As there are some notable features (namely networking) that are only available to the C++ API, I've decided to start developing that way instead. I'll post my findings thus so far on the debugging protocol, and I may return to the project on a future date.
Firstly, there was absolutely no need to develop such a program using Love2D, and I was only doing so because I had some libraries built up in it. It is far more practical to simply use a Lua program, parsed by some simple C++.
The protocol is completely accessible to standard UDP libraries (such as LuaSocket, which I used), and is bound to "127.0.0.1:4630".
Upon startup, a Polycode program begins to broadcast pings every second. These pings differ only by a single byte, which counts what number ping it is (not the number of seconds elapsed).
When a print statement is executed, or an error occurs, it is added to a list of packets sent every cycle (one second). These packets are all sent simultaneously, but in order.

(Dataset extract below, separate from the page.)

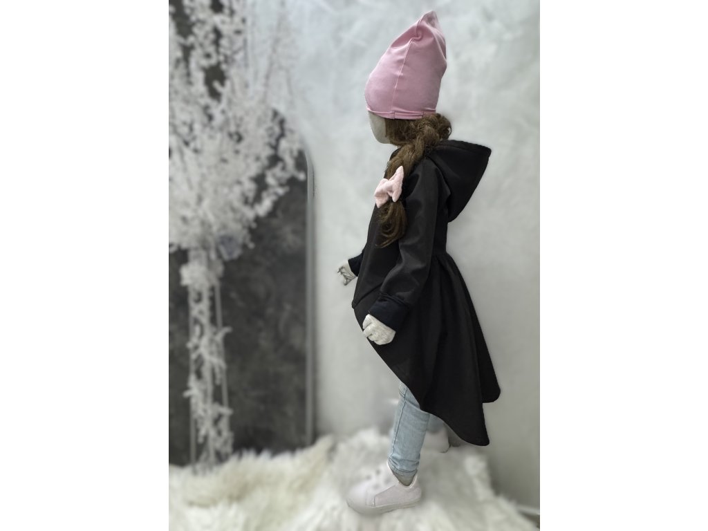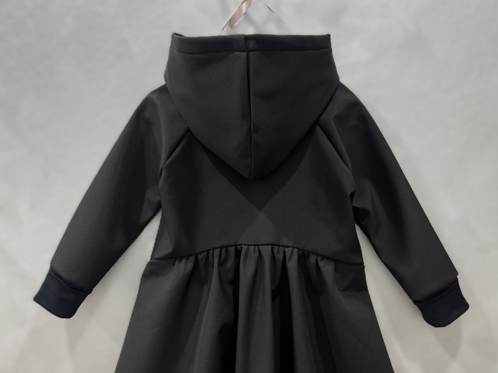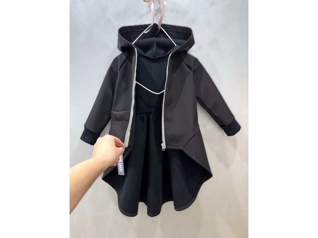 Pískací softshellový kabátik s nariaseným zadným dielom čierna
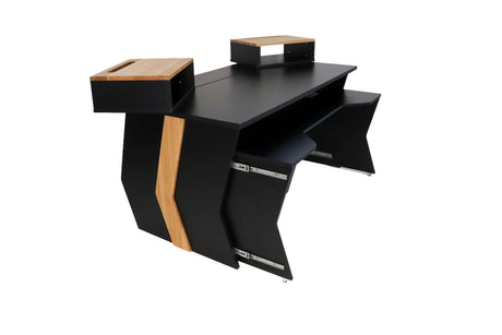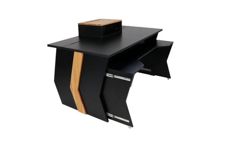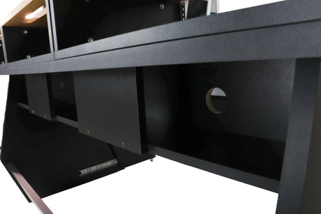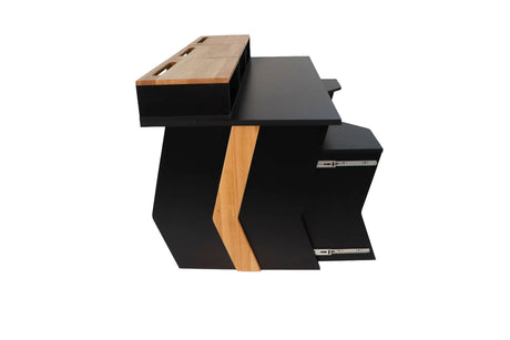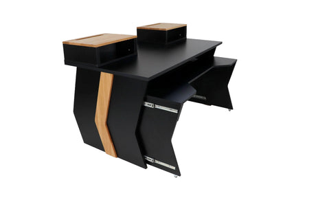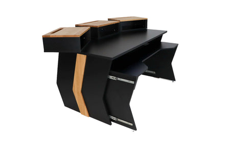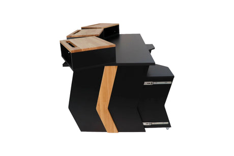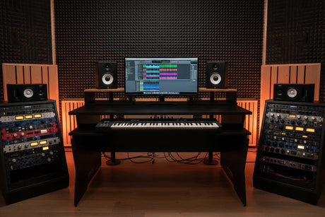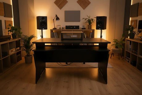 Mobilier sur mesure conçu pour des environnements de studio ergonomiques, efficaces et organisés. Comprend des racks, des postes de travail, des supports d'enceintes et des accessoires.

print("This is the first print statement.")
print("This is the second print statement.")
After the first three or so pings (the time it takes to initialize the program, at least on my computer), this sequence will be sent every second:
Print Statement 1
Print Statement 2
When an uncaught error occurs, a similar process transpires. Packets will continue being sent, even though program execution has halted, until the application is closed.
I have not yet analysed the print statement packets, but my analysis of the error packets follows:
Errors queue two packets: The error and the backtrace.
The error packet contains at least three relevant data points: The line the error occurred on, the message the error returned, and the file the error occurred in. It may also contain the length of the backtrace, but this is unconfirmed.
The line and message are a fixed length from the start of the datagram:
The line number is the twenty-first (21st) byte in the datagram.
The error message starts on the twenty-fifth (25th) byte, and is null-terminated (is immediately followed by a zero byte, which can be used to detect the length of the message).
The file path is a bit trickier. The position of this data within the datagram is variable, so it must be detected by string operations. I used the following line to extract it:
local file = data:match("%g*%.lua")
Where 'data' is the datagram string.
I have not yet analysed any of the rest of the protocol, but I have some additional insights.
As the datagram contains unprintable characters, it cannot be printed. It should instead be passed to a function that translates all unprintable characters to a readable, unique format. This is the function I used:
local function fixstring(str)
local ret = ""
for i=1,str:len() do
local c = str:sub(i,i)
if not c:find("[%w%p]") then
ret = ret.."_"..c:byte().."_"
ret = ret..c
Some errors (such as a 'require' error) will not pass the same text to the debugging protocol as they would to a console output. As a result these errors are entirely uninformative, so I advise finding some way to capture the true error using 'pcall' and/or 'xpcall' (There is also a character limit on the print messages sent to the protocol, so you may need to separate the error into smaller strings.).